Florida: Great white filmed off Pensacola, bull shark bites fisherman

Great white filmed off Pensacola Beach, Florida

Several shark interactions have been reported in Florida.

The first is the rare sighting of a great white shark off Pensacola Beach.

Hot Spots Fishing Charters Captain Tyler Massey and chartered guests were around 13 miles southeast of Pensacola Pass and 11 miles off Pensacola Beach April 27 when a great white showed up next to his boat.

“We followed him around for about five minutes,” Massey told the Pensacola News Journal. “We were sitting there fishing in the spot and the shark just kind of swam up. He just hung out around the top.”

The group watched the estimated 9- to 10-foot white shark as it cruised just beneath the surface of the water.

“He wasn’t aggressive; he didn’t seem interested in anything we were doing.” Massey said. “It was cool, everyone got a kick out of it for those five minutes or so. We followed it around until we couldn’t see it anymore. It went down and then we headed back to the pass.”

While it is rare to see a great white that close to Pensacola, they are known to travel near the area.  On March 19, 12-foot great white Miss Costa was satellite tracked in the area off Fort Walton Beach.  In April 2018 a male shark named Hilton made a similar journey.

While it can be exhilarating to see a shark up close, not all interactions are positive.

Paul Kelly, 72, was on a six-hour fishing trip May 1 with two others off Boca Grande Pass, Florida when he hooked a 150-pound tarpon.

The Texas fisherman tried to reel in the fish, but was pulled overboard and underwater.

As he struggled underwater, he felt something hit his leg.

The boat captain used a fishing rod to pull him back to the boat, and with the help of Kelly’s fishing buddy, they pulled the angler back into the boat.

Once Kelly was back on the vessel, the captain told him they saw an estimated 8- to 10-foot bull shark grab his leg.

Kelly felt no pain, but sustained a gash around his left calf and knee. The group worked together to secure a tourniquet around the Vietnam veteran’s leg and headed into shore.
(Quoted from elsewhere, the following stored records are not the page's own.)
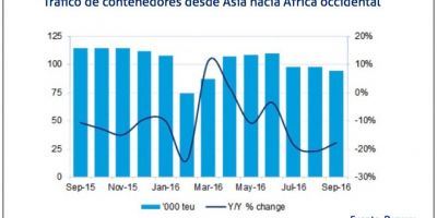 El movimiento de contenedores en la región refleja la desaceleración económica, que está afectando en mayor medida a las principales economías de la región. Hasta septiembre de 2016, el tráfico desde los países asiáticos hacia la zona de África occidental ha descendido un 11%.
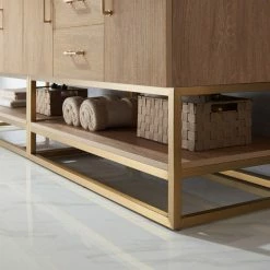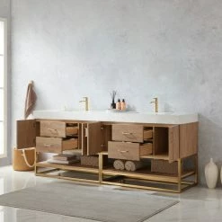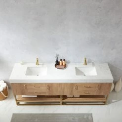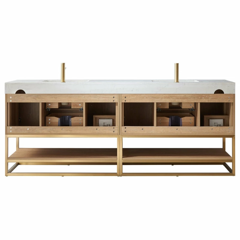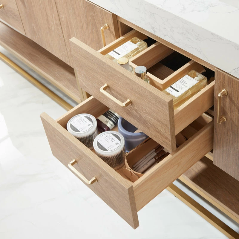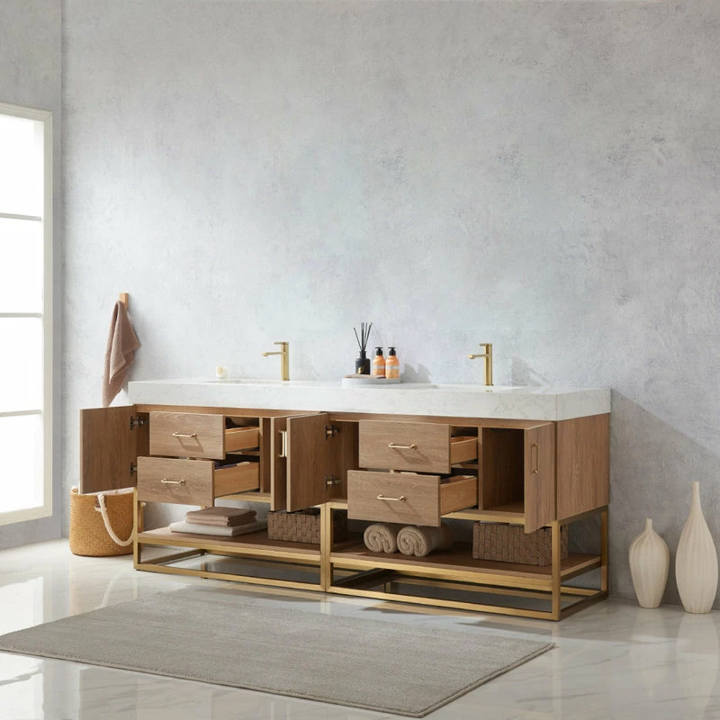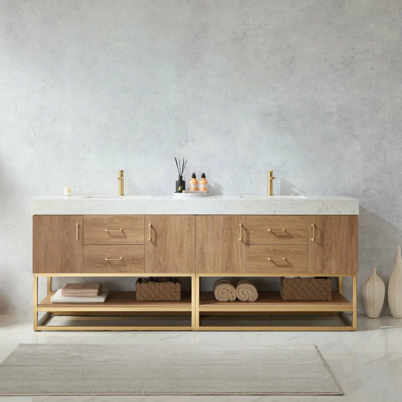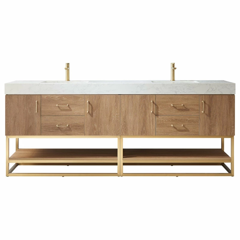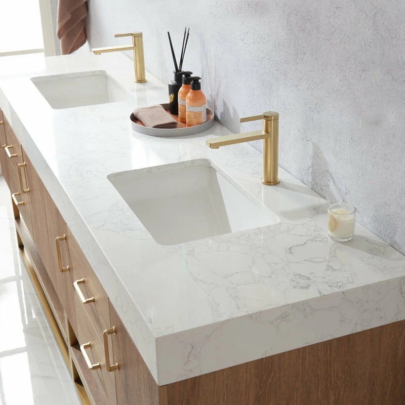 Alistair will add elegance and head-turning style to your modern bathroom space, accompanied with mirror duo. It combines the warmth of an earthy oak cabinet with a vibrant white stone for a contemporary finish. The vanity is adorned with brushed gold hardware for a true opulent finish.
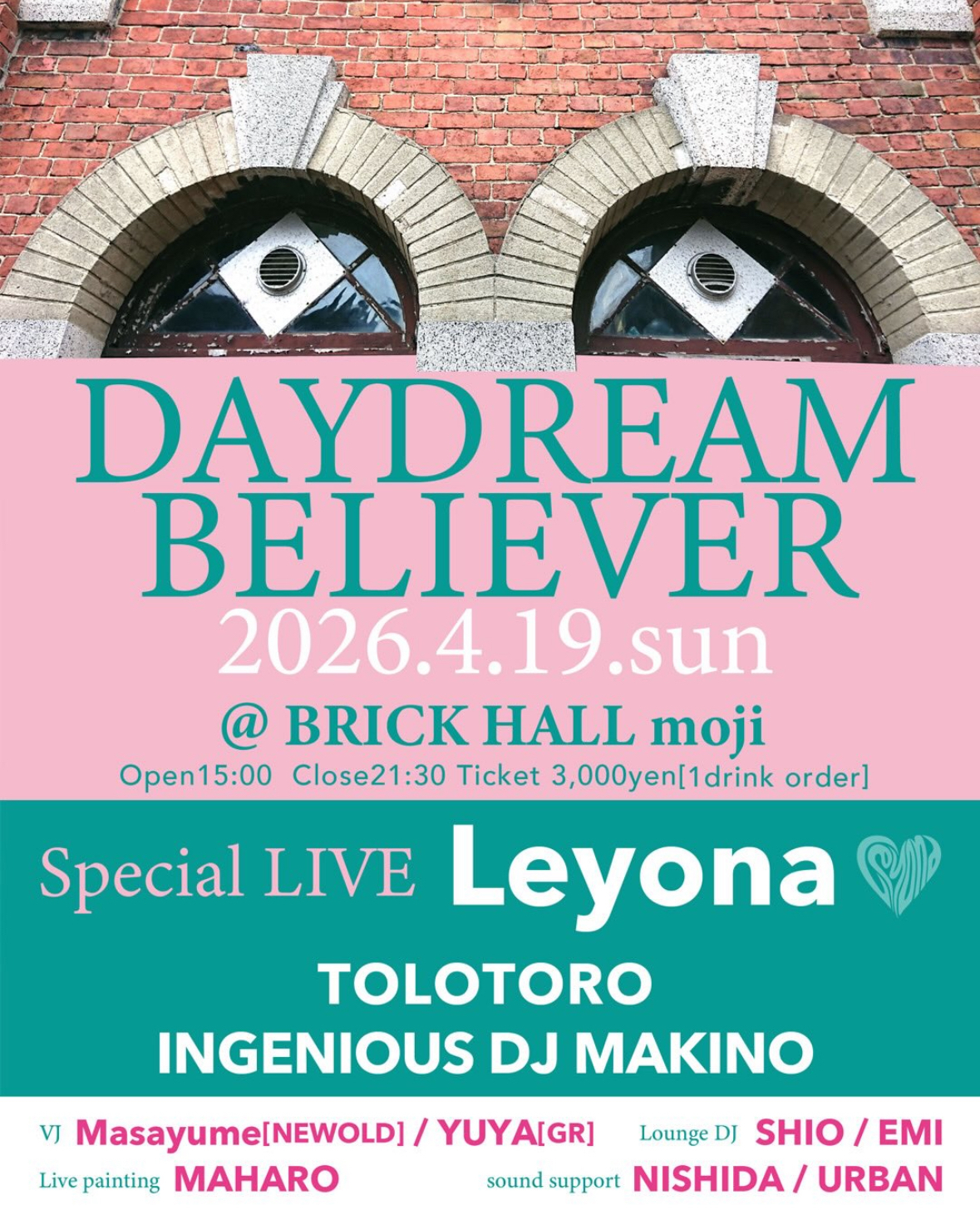 日時 2026.3.29(日)START 13:00CLOSE 18:00 ・・・DAYDREAM BELIEVER

“We lost the fish of course,” Kelly told news outlet azcentral. “That was the worst part.”

Emergency personnel were waiting on shore and prepared Kelly for air evacuation. Surgeon Robert O’Connor repaired the torn tendon in Kelly’s knee and said he should be able to leave the hospital in several days.  He also remarked at how rare shark bites are, and that this was the first one he had seen in ten years.
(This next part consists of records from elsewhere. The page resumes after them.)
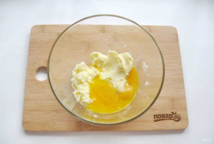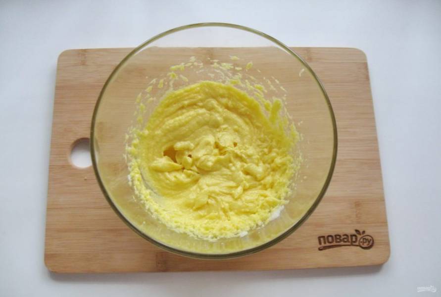 Взбейте миксером сахар с маслом. Отделите желтки от белков и добавьте в миску.
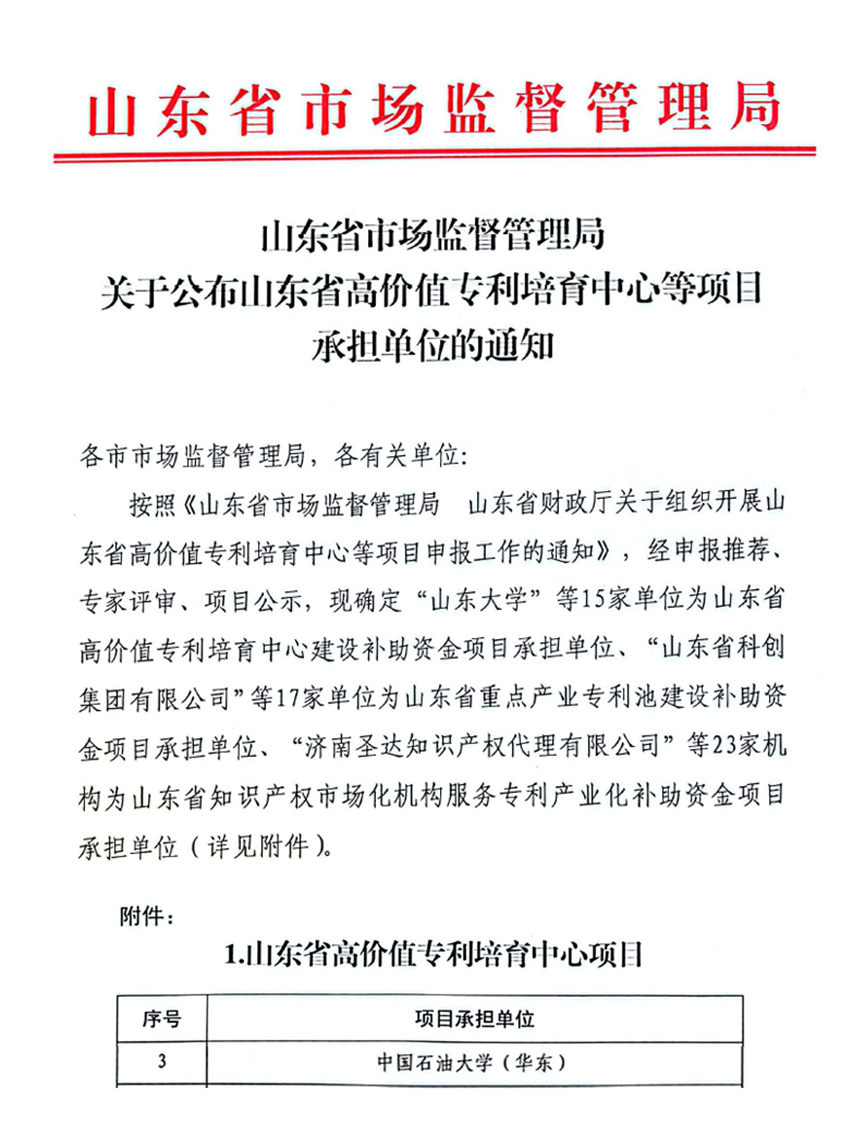 近日,山东省市场监督管理局、山东省财政厅公布山东省高价值专利培育中心等建设项目承担单位名单,学校入选首批山东省高价值专利培育中心建设项目。
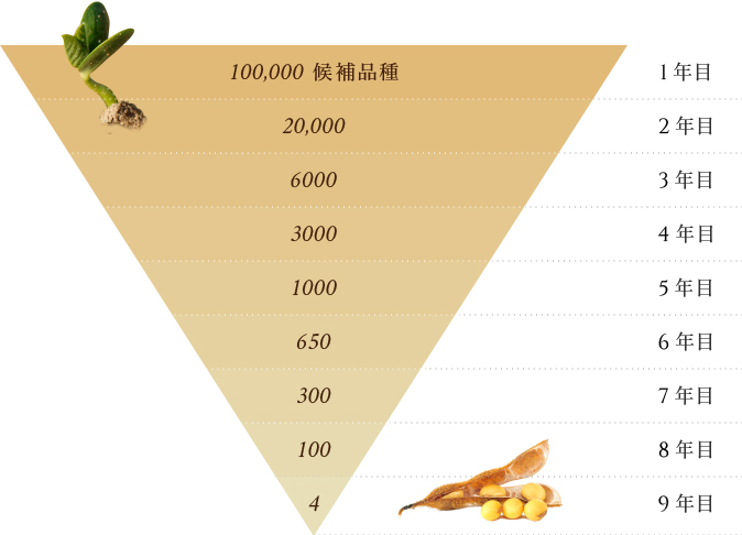 我々は現状の品質に満足することなく日々美味しい大豆を追求しています。しかし、いかに美味しい大豆を作ることが出来ても、それは農家が栽培しやすく安定供給できる種子でなければなりません。日々の種子開発は、KAPIの大豆に関わる全ての人が笑顔になるために必要なことなのです。

Another shark bite was reported on the west side of the state In April.  An unidentified man was in the water off Jacksonville Beach, when he was bitten on the leg about 5:30 p.m. April 21.
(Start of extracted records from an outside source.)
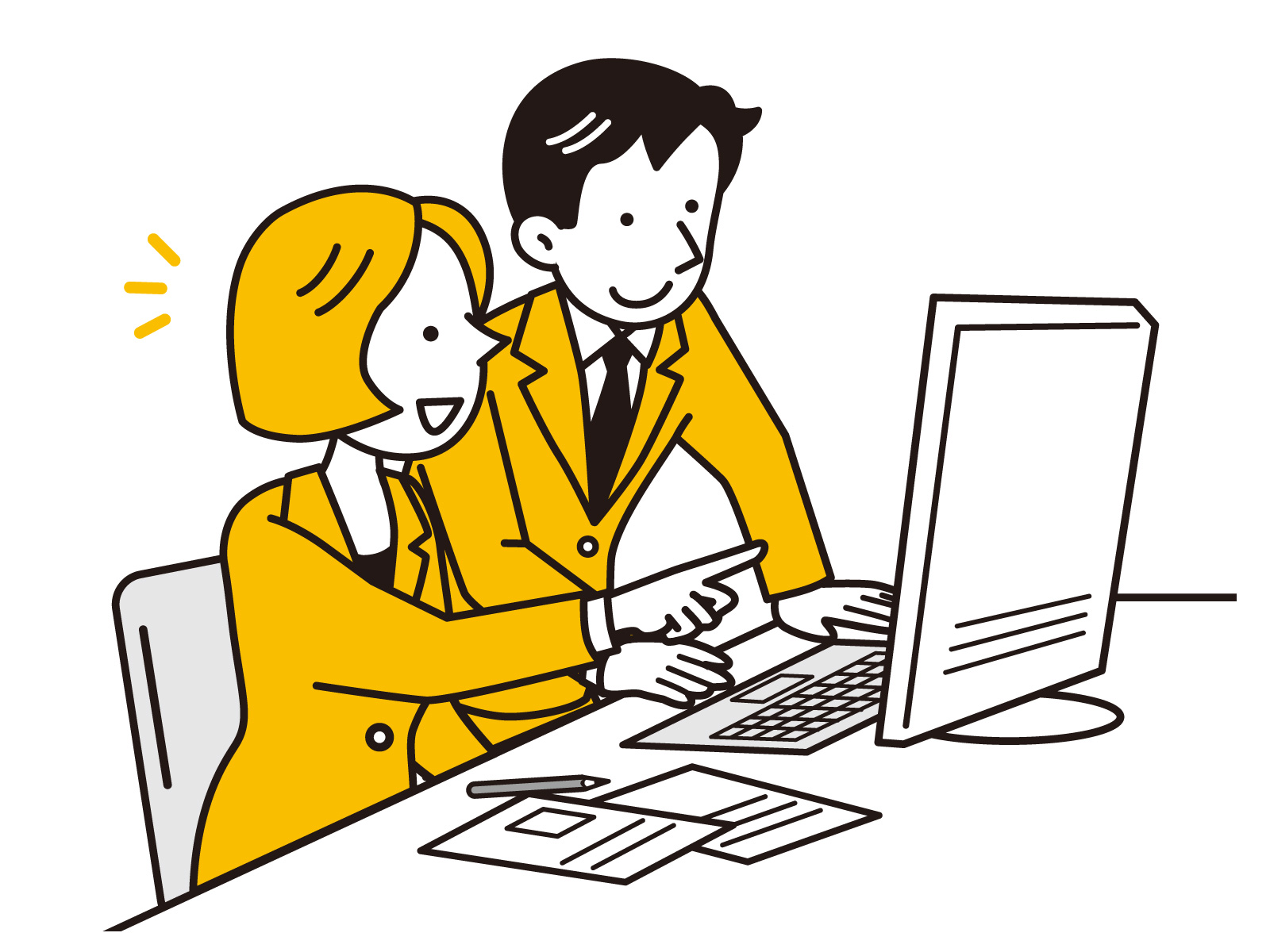 入社初日は、会社全体のオリエンテーションを実施します。会社のミッション、ビジョン、社風、組織文化について説明します。また、福利厚生、就業規則、ITシステムの使い方など、基本的な事務手続きもこの期間に行います。
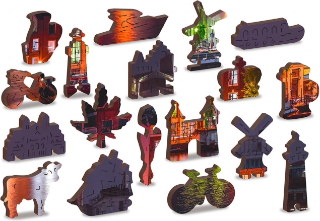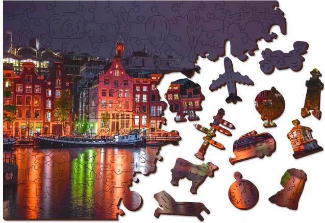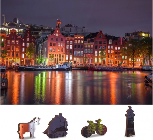 Te unikalne drewniane puzzle ucieszą każdego miłośnika układania. Dzięki laserowemu wycinaniu puzzle oferują gładkie krawędzie, które łatwo się łączą. Zawiera łącznie 150 elementów, z czego 30 ma unikalne kształty jak zwierzęta czy znane budowle, dodając edukacyjny element i jednocześnie wizualną estetykę. Puzzle są zaprojektowane jako 2w1, co oznacza, że można je układać według wyrafinowanego nocnego motywu Amsterdamu, jak i według wzoru na tylnej stronie.
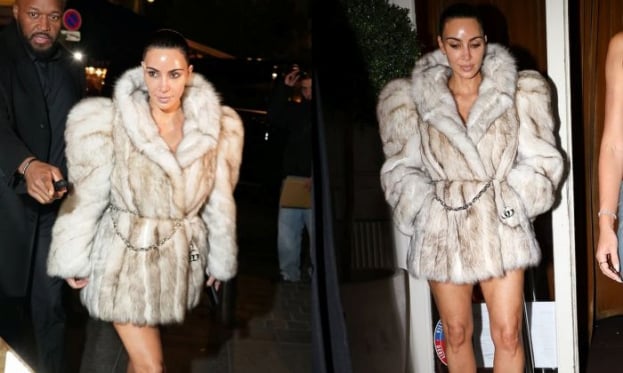 Համարձակ հանդերձանքը լրացվել էր փայլուն կրունկներով սանդալներով, արծաթե շղթայով գոտիով և աչքի ընկնող օձիքով։ Հեռախոսը ձեռքին և անվտանգության աշխատակիցներով շրջապատված՝ Քիմը Փարիզի մութ փողոցները վերածել էր իր անձնական պոդիումին՝ ցուցադրելով իր նիհար ոտքերը և փայլուն մաշկը գրեթե առանց դիմահարդարման։
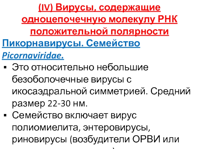Слайд 24(IV) Вирусы, содержащие одноцепочечную молекулу РНК положительной полярности
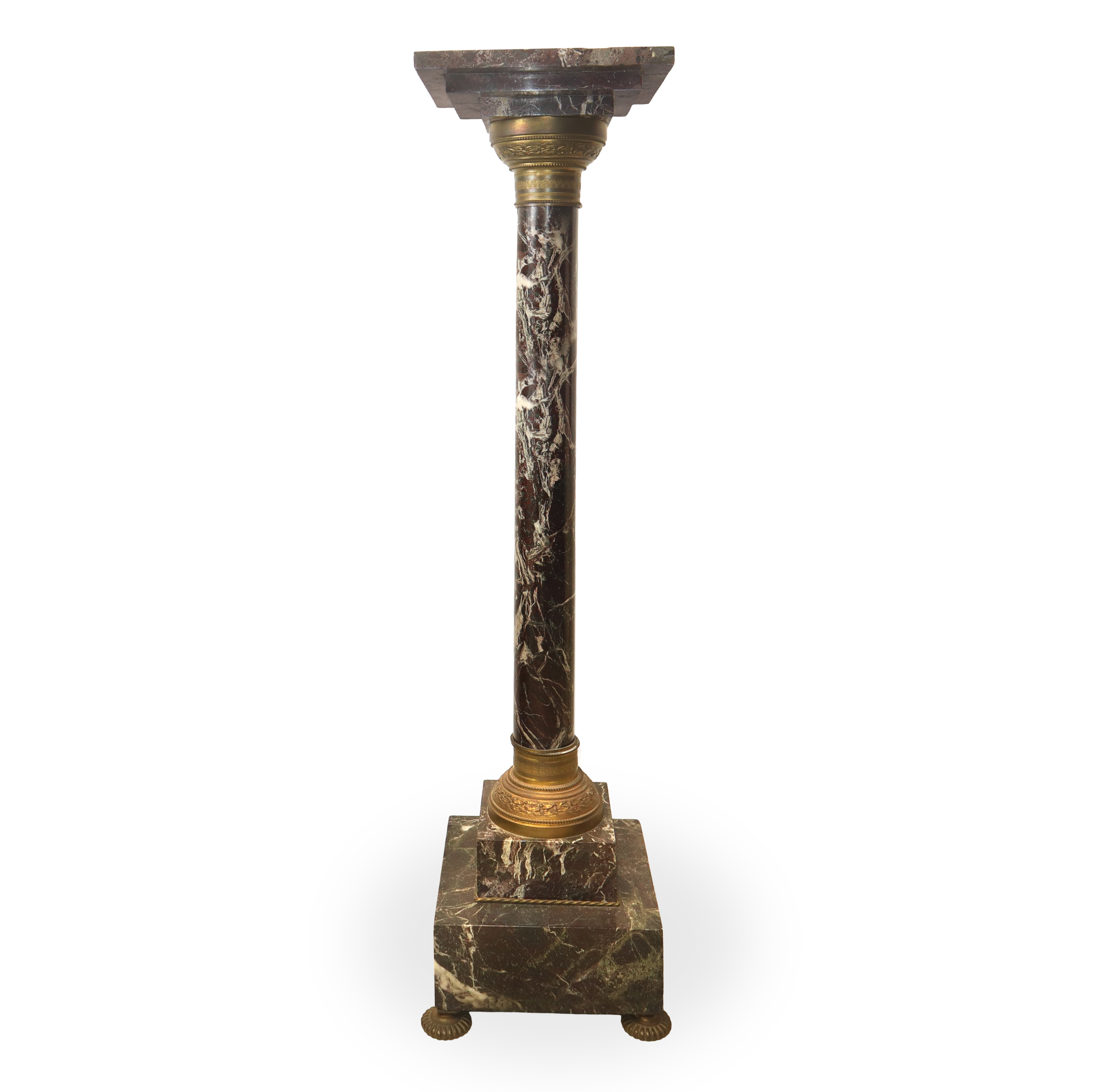 Colonna in marmo grigio con inserti in metallo dorato

The man was helped by good Samaritans, and a friend said the man’s wound was to the bone and several tendons had been torn. He was picked up by emergency personnel near 30th Street South.

As of May 6, 2019, there have been a total of 25 shark attack bites (23 with injury, 7 of which are considered provoked*) publicly reported and verified in 2019.

All locations have been marked on the 2019 Shark Attack Map.

One fatal**; thirteen were reported in the U.S (including zero fatal), with 7 occurring in Florida (3 provoked) and 5 in Hawaii (0 provoked). Six have been reported in Australia, zero fatal. Four unconfirmed bites, worldwide, not included in the total count.
*Provoked defined as spearfishing, feeding sharks, fishing, etc. (listed with green marker).